Dr. Ravikumar Gelli’s research on securing critical energy infrastructure and enabling trustworthy infrastructure for clean energy resources has gained national interest as recognized by his National Science Foundation (NSF), Iowa Economic Development Authority (IEDA), and DOE Cybersecurity Energy Security and Emergency Response (CESER) federal and state-funded multi-million dollar research grants ($3.6M+ including state and federal funds and cost-share).

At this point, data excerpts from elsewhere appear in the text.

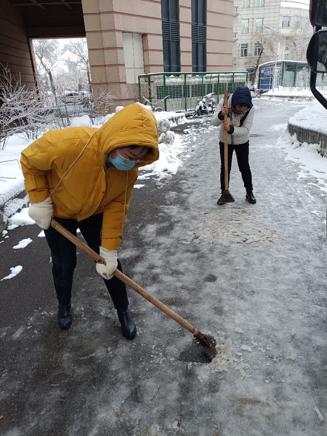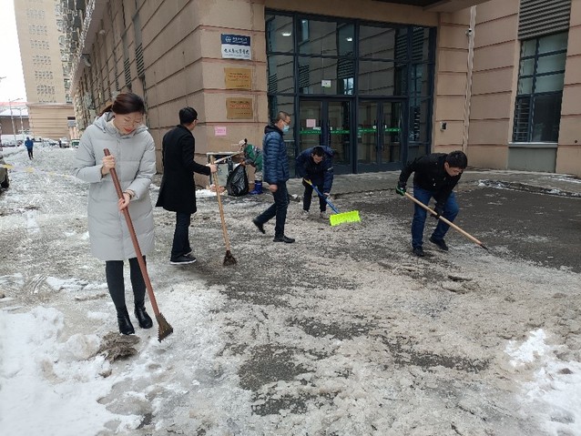 11月11日中午,为落实学校应对极端天气工作会议精神,方便明德楼师生正常出行,太阳成城集团tyc234cc特种化学电源研究所师生联合党支部组织博士生党员们利用休息时间,义务参与明德楼附近路面的扫雪工作,打通了明德楼到学校清理的主干道的最后五十米。路面上积雪严重,加上特殊的冻雨天气导致的路面结冰问题,极大地增加了清理的难度。尽管面对重重考验,支部党员仍不畏严寒,分工协作,努力清扫冰雪。
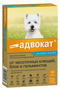 Есть в наличииДоставим сегодня Адвокат капли от блох и клещей для собак. Цена за 1 пипетку.
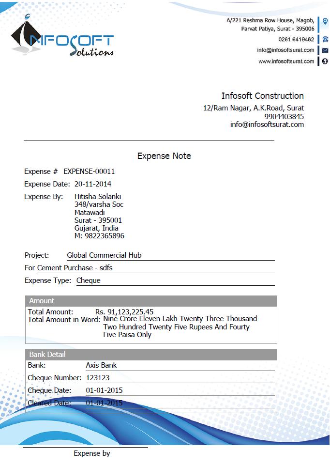 Cleared Date: Cheque clear date, till we don’t fill this information Expense will be not registered in our system and you can see all this type of pending cheque in “Reports=> Payments Not Clear”
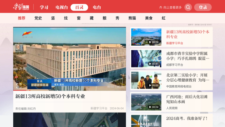 “强国TV”整合学习平台海量权威学习资源
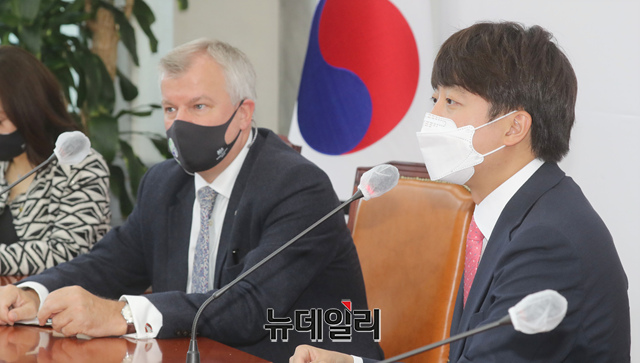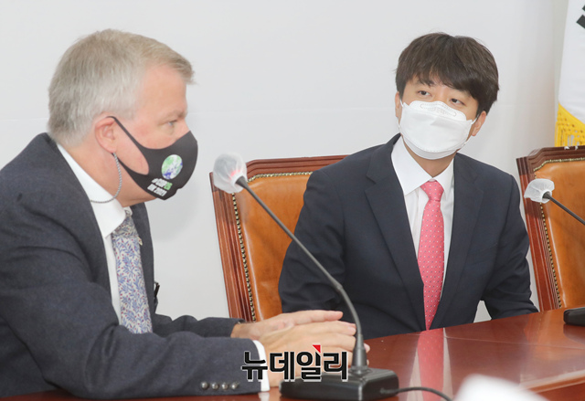 이준석 국민의힘 대표가 19일 오전 국회에서 주한 사이먼 스미스 영국대사를 접견하고 환담을 나누고 있다. (사진=공동취재단)
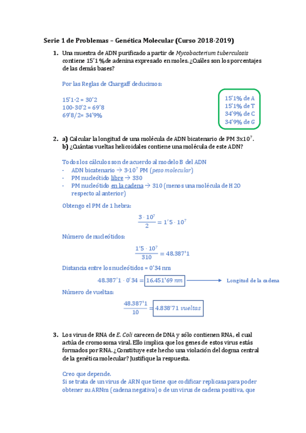 He publicado nuevos ejercicios de 1º Genética Molecular: SERIES 2018-19 RESUELTAS
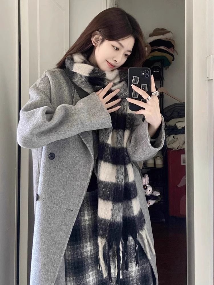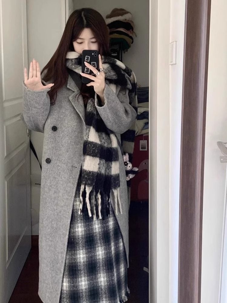 チェック柄ウールコート女性のための 2025 秋と冬の新しいメイラード韓国カジュアルスタイル厚いウールコートトレンディ
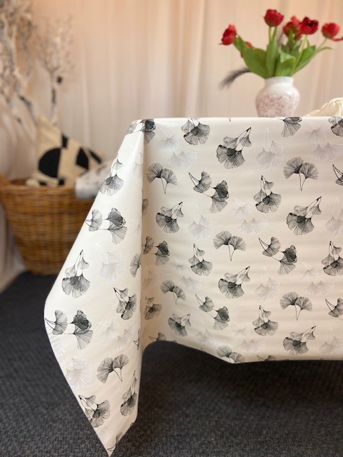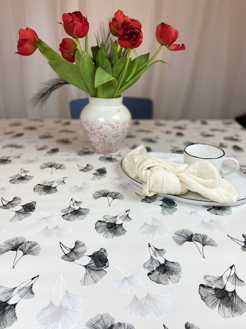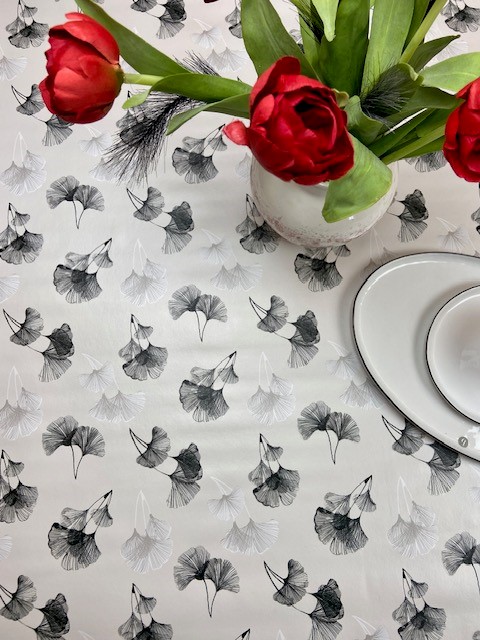Underbar rund vaxduk med ginkoblommor. Vaxduken passar fint såväl inomhus som utomhus. Vaxduken är gjord av PVC enligt Öko-tex standard tillverkad i EU. Vaxduken är lätt och hålla ren och torkas av med en fuktig trasa.
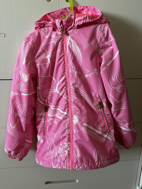 Дуже гарний і якісний плащ-дощовик Reima 146 см на дівчинку, який не парить і не продувається, досить теплий, з підкладкою, відстібний капюшон. Недоліки: трішки затерті рукава з внутрішнього боку, маленька рисочка на капюшоні. Етикетка трохи потерлася, але її можна акуратно відпороти. Фурнітура працює, без недоліків.
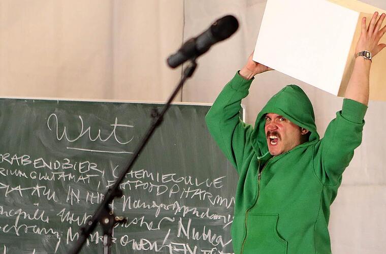 Was macht Sprache, was macht Wut, was macht der Jelinek-Text "Wut" mit dem Menschen, dem Individuum und der Gemeinschaft? Der Grundfrage lässt Axel Sichrovsky in seiner (deutlich gekürzten) Bühnenfassung das Ensemble in einer Art Labor nachgehen. Es wird verschiedene Versuchsanordnungen geben, Emotionen werden hervorgerufen, bei den Darstellern wie bei den Zuschauern, um sie dann nüchtern zu analysieren.
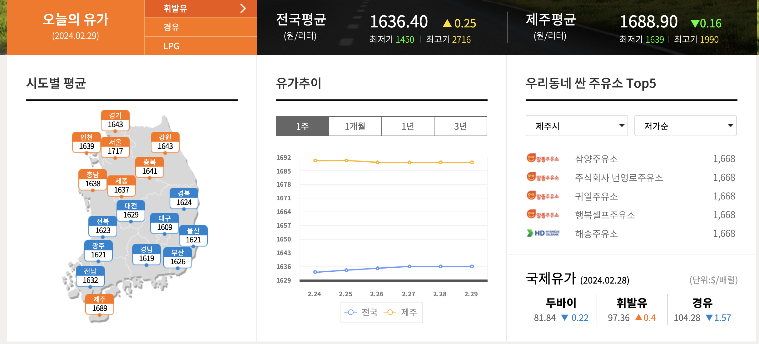 본격적으로 주유소 가격을 알아보겠습니다.
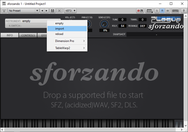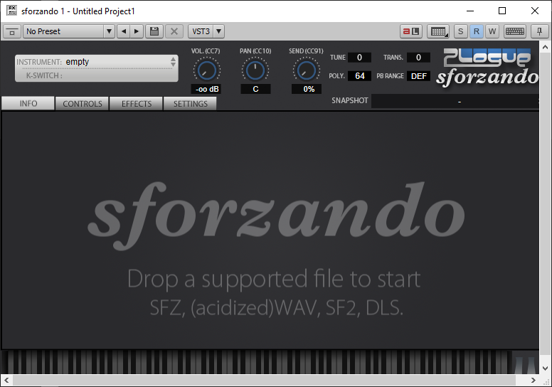 - Sforzando se abrirá como un reproductor vacío sin sonidos cargados.
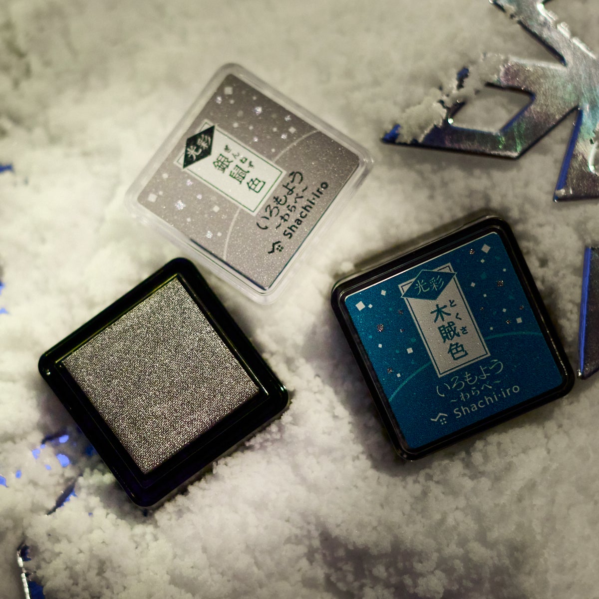 日本の伝統色に煌めきをほんのり足したスタンプパッドです。その中からホリデーシーズンにぴったりの3色を選びました。盤面の角を使って細かい色分けを行うことができます。お気に入りのスタンプを押すと、まるで冬の澄んだ空気のような雰囲気が広がります。
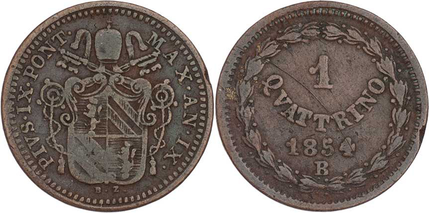 Quattrino 1854 B - IX.rok pontifikátu, Bologna, KM.1359, Berm.3329, 1.981g, hr., škr., nep.rysky, pěkná patina R!
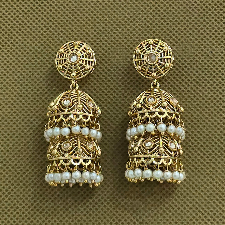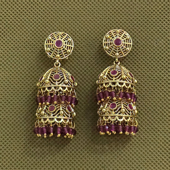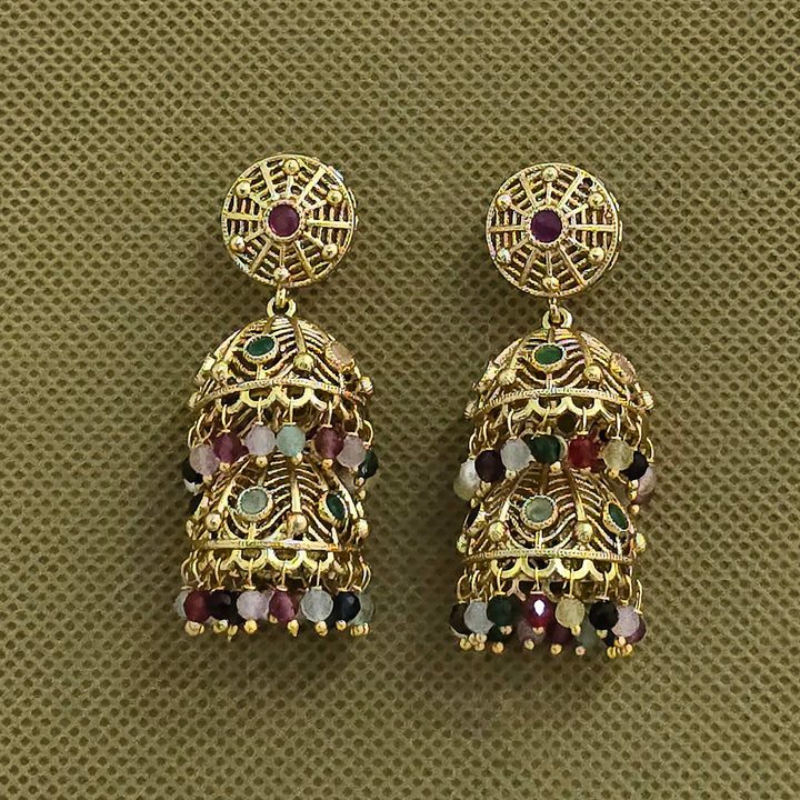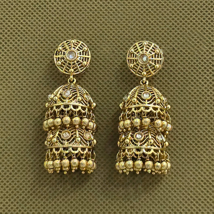 Weight: 24.0 Grams, Height = 50 mm || Width = 20 mm,Double Jhumki,Gold Plating,Antique Earring

Gelli was promoted to research assistant professor in ECpE in 2020 after his three years of successful Postdoctoral research, where he contributed to 30+ DOE and NSF project proposals. Within two years, Gelli secured multi-million research grants as a Lead PI and established a strong collaboration with national labs, the power industry, power utilities and other universities. He established himself as one of the leading researchers contributing to enhancing resiliency, reliability and cybersecurity for building next-generation trustworthy infrastructure for modern power systems.

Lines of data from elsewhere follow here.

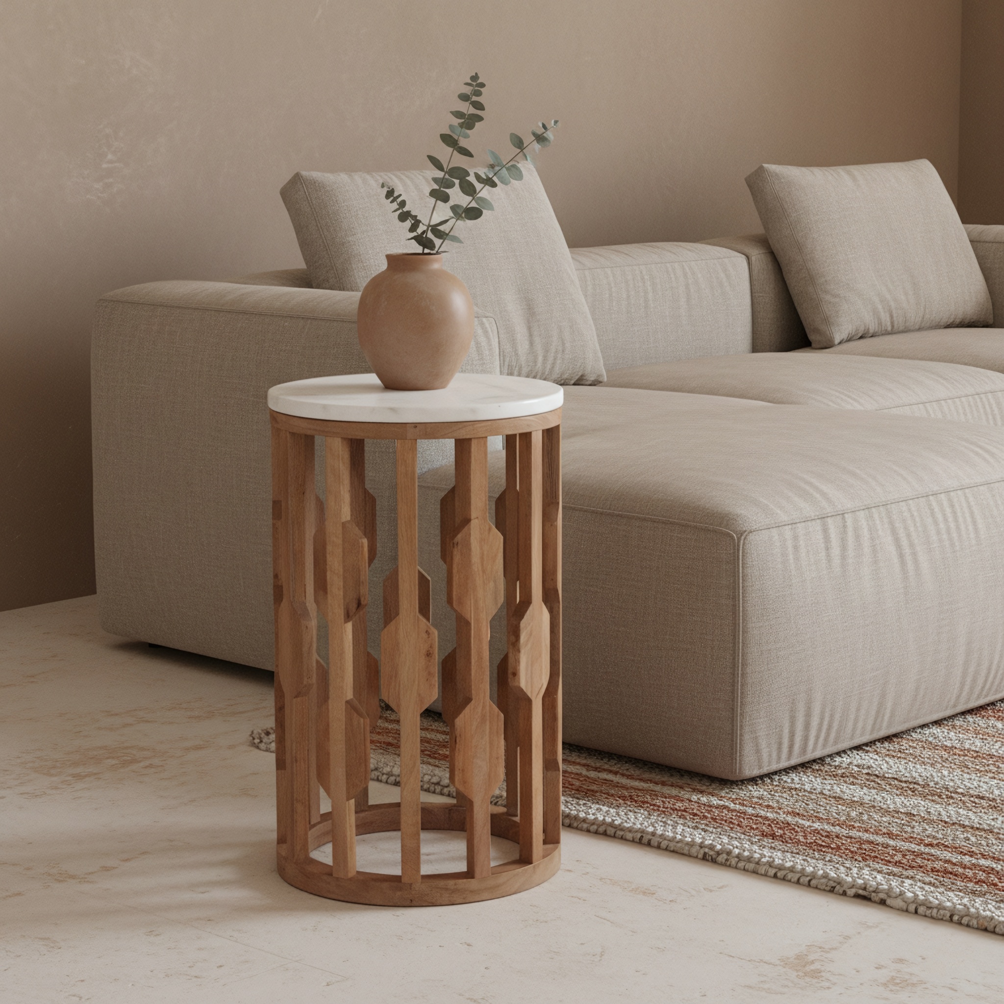De Atjeh bijzettafel van marmer is een stijlvolle en tijdloze toevoeging aan je interieur – een marmeren tafel waar je jarenlang plezier van hebt.
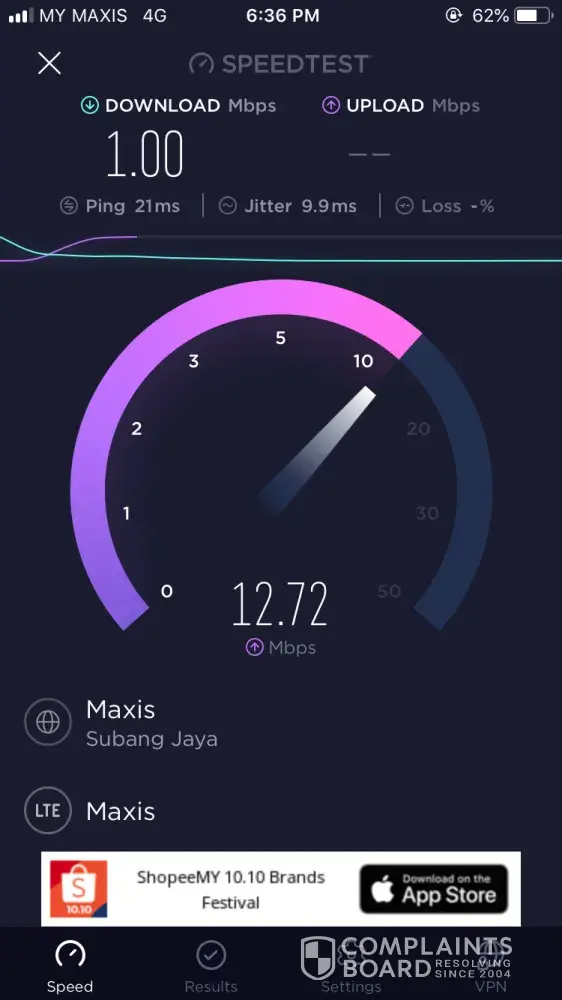 I have been experiencing very bad service with the stability of my internet connection on my phone. I have done multiple speed test during these occurrences and the results have not been poor. Please note that all of this cases have happened within the Klang Valley and I have started to make records of it since the 24th of October 2019. Photos of the speed test results are available for your review and action. As a customer of Maxis and Hotlink for almost 10 years I am gravely disappointed at the service provided. Your prompt action on this matter is much appreciated.
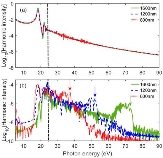 - Zhu, X.; Liu, X.; Li, Y.; Qin, M.; Zhang, Q.; Lan, P.; Lu, P. Molecular high-order-harmonic generation due to the recollision mechanism by a circularly polarized laser pulse. Phys. Rev. A 2015, 91, 043418. [Google Scholar] [CrossRef]
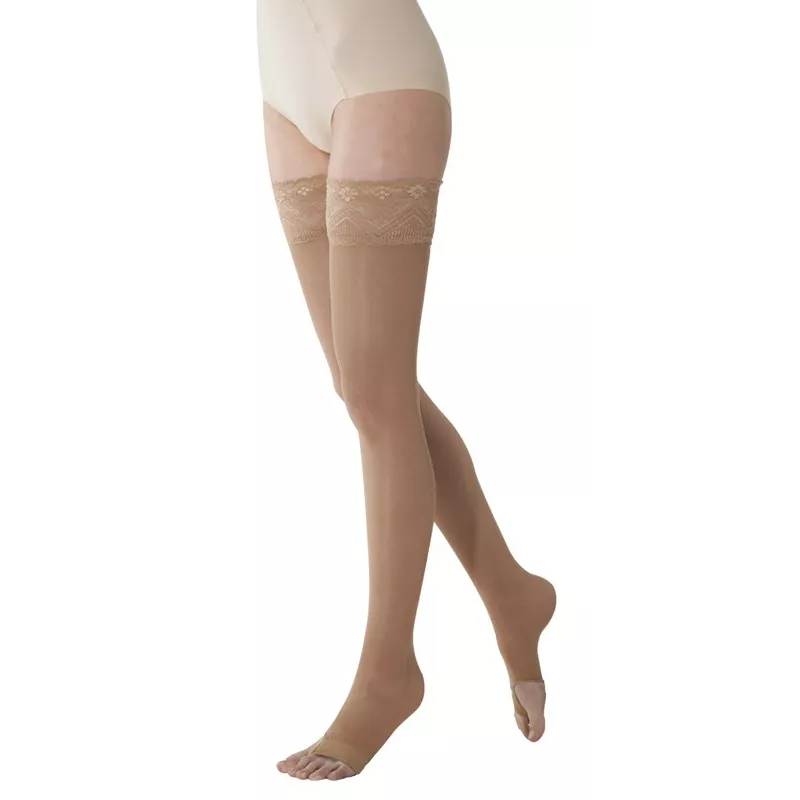 La punta aperta è realizzata con una tecnologia che permette una perfetta vestibilità, mantenendo la calza perfettamente posizionata. La punta aperta garantisce una maggiore freschezza e un piacevole benessere ai piedi e alle gambe anche nei mesi più caldi rendendo l'utilizzo delle calze più confortevole.

Gelli’s research focuses on integrating physics-based grid-aware models, cyber-informed methodologies, and intelligent learning-based (Machine Learning, Deep Learning, and Reinforcement Learning) algorithms to design, develop, and demonstrate defense-in-depth cybersecurity and resiliency for bulk power systems, distribution grids, and distributed energy resources (DERs), such as distributed solar, storage, electric vehicles, and other clean energy technologies. The growing adoption of DERs, including building-integrated photovoltaics (BIPV), utility-scale photovoltaics (UPV), electric vehicle charging stations (EVCS), and other grid-edge clean energy technologies, could pose cybersecurity challenges for future electric power grid operations if cybersecurity is not taken into consideration. Gelli’s team is working towards devising novel systems and tools for building trustworthy (security + resiliency) DER communication infrastructure, proactive defense-in-depth cyber-physical security technologies, including physics-informed and cyber-informed intelligent learning-based methods, and next-generation edge-intelligent devices (EIDs) that brings the power of AI and edge computing at the grid-edge connected devices.

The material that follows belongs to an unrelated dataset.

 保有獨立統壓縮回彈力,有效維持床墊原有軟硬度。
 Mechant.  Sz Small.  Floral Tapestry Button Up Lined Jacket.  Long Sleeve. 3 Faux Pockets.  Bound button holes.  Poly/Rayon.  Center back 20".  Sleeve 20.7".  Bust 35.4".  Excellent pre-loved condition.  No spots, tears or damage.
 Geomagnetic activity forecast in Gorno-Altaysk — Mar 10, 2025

These next-generation systems and technologies help ensure modern energy delivery systems are designed, installed, operated and maintained to quickly recover from grid disturbances and cyberattacks. Gelli’s research contributions to protecting the security and resiliency of America’s power grid are in synergy with DOE’s goal of providing cleaner and cheaper power to Americans while advancing President Biden’s goal of a 100% clean electrical grid by 2035 and net-zero carbon emissions by 2050. The research output from these projects will be of great significance for enhancing electric grid reliability, resiliency, and security of the U.S. critical energy infrastructure and the interests of the U.S. government.